斜面を一段さがったところには、大津くんたちが木綿を播種していたが、見当たらなかった(この日あとで、聞いたら、発芽はして育っているとのこと。踏まないように気を付けるべし)。斜面にまいたアマランサスは密にまきすぎたのだが、よく育っている。間引きしたほうがよいのかもしれないが、密植したことが笹の侵食と拮抗しうるとも思われる。いましばらく様子をみてみる。

 

みんな長生きしてほしいよね

「みんな長生きしてほしいよね」
と妻が言った。大雨の翌日であった。
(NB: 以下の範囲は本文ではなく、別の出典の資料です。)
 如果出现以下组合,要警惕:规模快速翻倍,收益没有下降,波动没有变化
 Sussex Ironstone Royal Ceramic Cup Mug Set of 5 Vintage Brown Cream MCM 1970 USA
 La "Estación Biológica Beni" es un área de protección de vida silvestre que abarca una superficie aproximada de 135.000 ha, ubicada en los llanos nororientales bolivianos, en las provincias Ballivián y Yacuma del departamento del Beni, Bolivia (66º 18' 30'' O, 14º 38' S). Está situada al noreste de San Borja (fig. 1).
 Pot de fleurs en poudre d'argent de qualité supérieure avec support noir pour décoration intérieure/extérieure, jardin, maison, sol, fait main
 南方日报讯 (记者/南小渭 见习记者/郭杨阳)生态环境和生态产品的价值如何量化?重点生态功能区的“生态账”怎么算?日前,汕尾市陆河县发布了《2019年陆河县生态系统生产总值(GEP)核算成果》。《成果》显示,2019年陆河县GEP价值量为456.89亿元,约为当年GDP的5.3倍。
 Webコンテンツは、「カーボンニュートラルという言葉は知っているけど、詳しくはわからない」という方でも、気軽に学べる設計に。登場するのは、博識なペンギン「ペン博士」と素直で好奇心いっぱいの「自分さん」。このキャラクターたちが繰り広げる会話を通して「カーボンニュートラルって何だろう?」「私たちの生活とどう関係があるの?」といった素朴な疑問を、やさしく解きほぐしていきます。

車で野菜を仕入れに隣町へ行く際、峠を越えるのだが、その降り道の急カーブが続くところで、唐突な、呟きというものよりははっきりとした口ぶりで。

ふたりは2日前、東京の高円寺にいた。暑い一日をほうぼう歩き回った夕方で、その日の最後の目的地まで百メートルもないところで、休みたいな休んでもいいのかもという気持ちに応えるように、目の前に現れた喫茶店。「喫茶 DENKEN」という店名と「OPEN」という看板だけがかかった、古い建物に蔦が絡まっていた。
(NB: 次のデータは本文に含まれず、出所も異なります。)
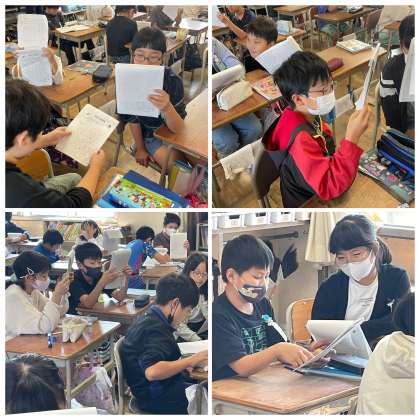 10月6日(金) 音声計算練習【5年生】 公開日 2023/10/06 更新日 2023/10/06 5年 5年生の算数の授業のようすです。ペアになって最小公倍数を求める音声計算練習に挑戦していました。たくさん問題を解いて自信を深めることができましたね。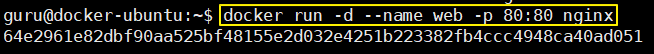 - docker run -d --name web -p 80:80 nginx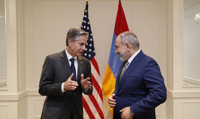 亚美尼亚总理帕什尼扬访问美国,与美国国务卿布林肯交流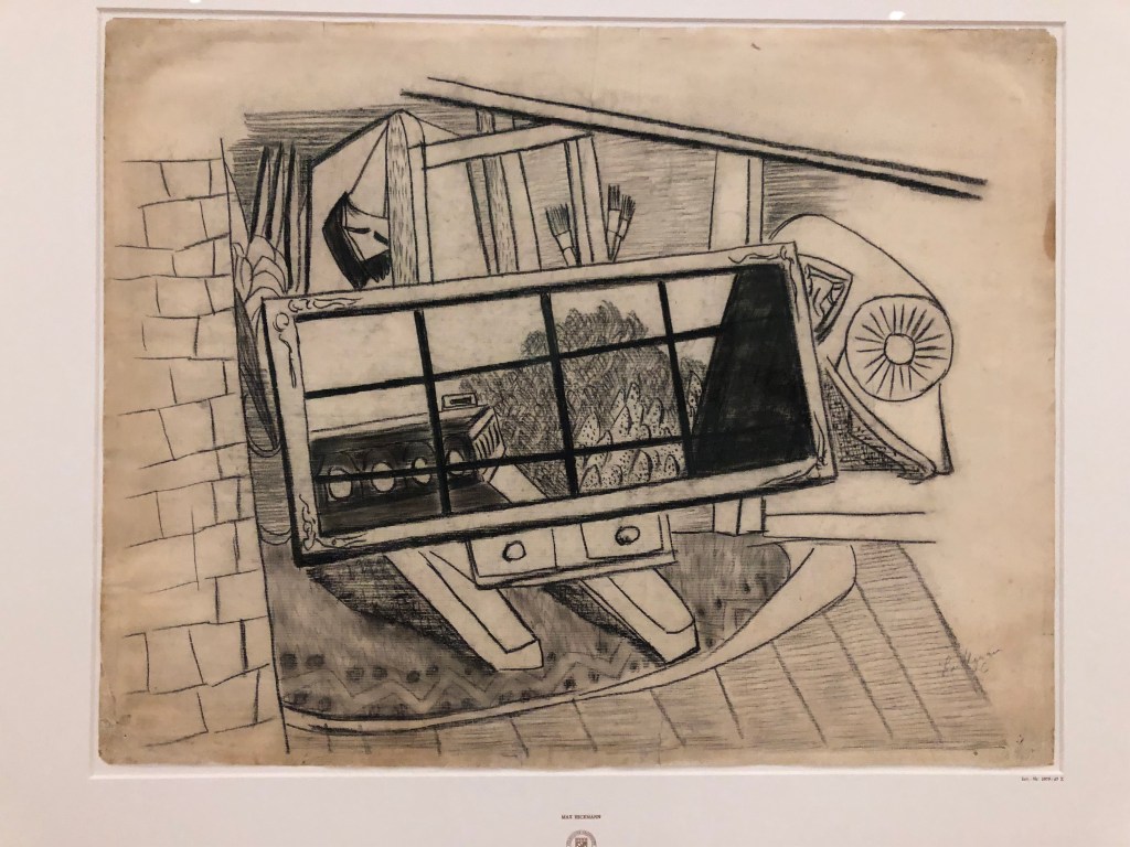 Am Ende des Korridors reisst der Raum auf und die Besucherin, der Besucher steht in einem hohen Saal mit sakraler Anmutung. Die Wände, strukturiert durch grosse, grau abgesetzte weisse Flächen beginnen mit einfachsten malerischen Mitteln zu tanzen. Dahinter schliesst sich ein weiterer, etwas kleinerer Saal an, an dessen Stirnwand eine monumentale scherenschnittartig-abstrakte, monochrome Figur sich türmt und spreizt, auseinanderzufallen droht und doch in einem labilen Gleichgewicht gehalten wird. Eine frühe Tuschzeichnung Beckmanns, ein Selbstportrait 1902, findet sich verloren im ersten Saal, im zweiten dominanter, eine Kreidezeichnung Spiegel auf einer Staffelei aus dem Jahr1926. Das war’s. Doch mit der Inventarliste ist wenig gesagt.

妻の一言は、そこに入り受けた印象と感慨とを振り返ってもいたので、文脈としてはそこに連なるものであろう。
DENKENは創業が昭和30年ごろで、営業は70年におよぶ。創業以来その場所で働き続けている女性は90歳前後の白髪の老嬢であった。白いブラウスに黒のスカート、パンプスを履く姿もまた70年になんなんとしたものであろう。古典派ロマン派の曲が大きな良い音で鳴っていた。
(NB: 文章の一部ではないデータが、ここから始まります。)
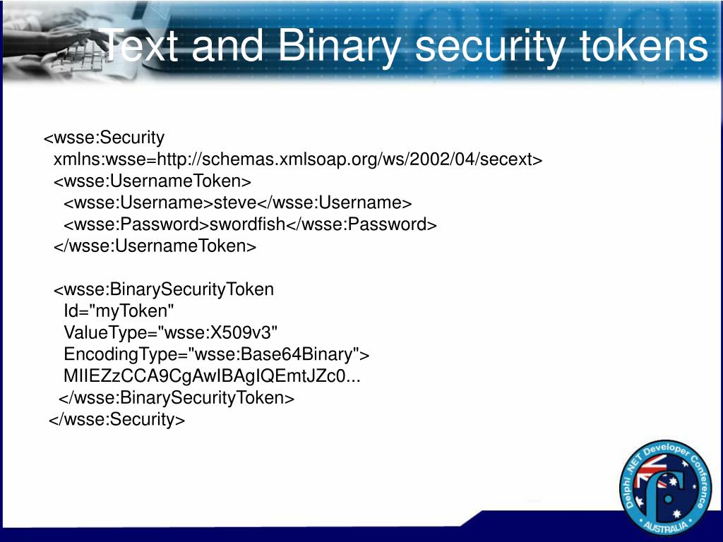 Text and Binary security tokens <wsse:Security xmlns:wsse=http://schemas.xmlsoap.org/ws/2002/04/secext> <wsse:UsernameToken> <wsse:Username>steve</wsse:Username> <wsse:Password>swordfish</wsse:Password> </wsse:UsernameToken> <wsse:BinarySecurityToken Id="myToken" ValueType="wsse:X509v3" EncodingType="wsse:Base64Binary"> MIIEZzCCA9CgAwIBAgIQEmtJZc0... </wsse:BinarySecurityToken> </wsse:Security>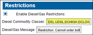 In the Restrictions section, select the Enable Diesel/Gas Restrictions checkbox.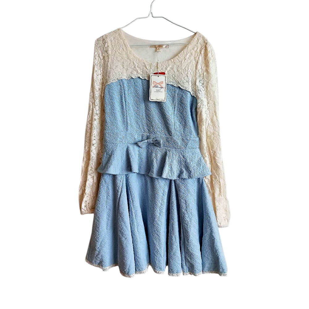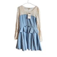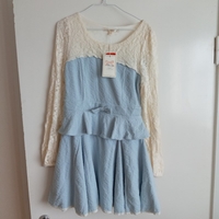 Light blue dress with beige lace sleeves and peplum waist sweet style. New with tag.
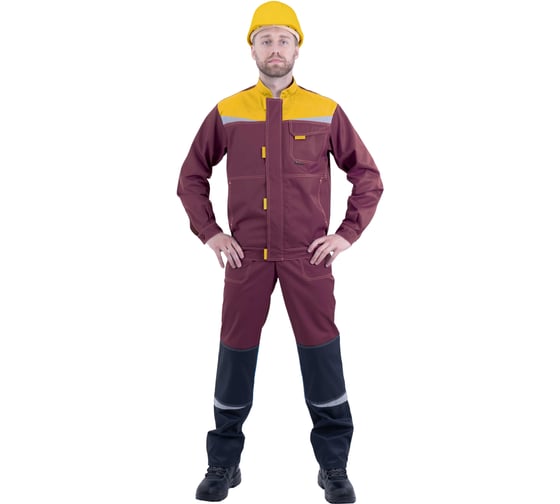 Костюм ГК Спецобъединение КМ-10 ЛЮКС летний, бордовый-желтый-черный (Куртка+полукомбинезон) (120-124, 158-164), компл, Кос 032/120/158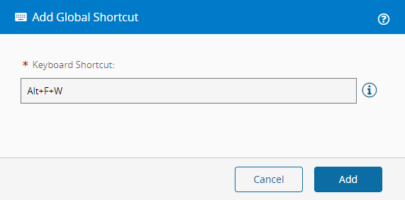 You can add Global Shortcuts by using the Manage button on the top ribbon or by right-clicking on the tab of the page and selecting Add Global Shortcut (where the information will be displayed in the Action Details column) followed by adding the desired keyboard shortcut combination:

あんなふうになりたい。なれたらいいな。どうしたらなれるのかな。どうするかな。
具体な話もあれこれする中で、自分自身のあり方である以上に、関わりあるみんなのあり方によるのだということが、ふと思われたのだろう。「みんな」とはそういうことだ。

出雲の山墾り〜 R5.sec.17-5

6/29の山墾り。明日から長雨となる予報が出ていて、積み残しは多々あれど、やれるところまではやって帰るつもりでいた。具体的には草刈り少々と柵の保守、それにアマランサスの播種。しかるに、着いてまず目にしたのが、柵がひとつ、牛に突破されている状況であった。優先順位を入れ替え、やれやれと補修作業に入る。動かしながら、運びながら、どうするかを考え考え、構えをつくっていく。陽射しがきつい。汗で目がしみる。なにぶん応急的処置であるから、今日はここまで!として終える。柵でなくバリケードである。塞ぐことを優先し使うことを考慮していない。つまり人が通れない、すなわち私も通れない。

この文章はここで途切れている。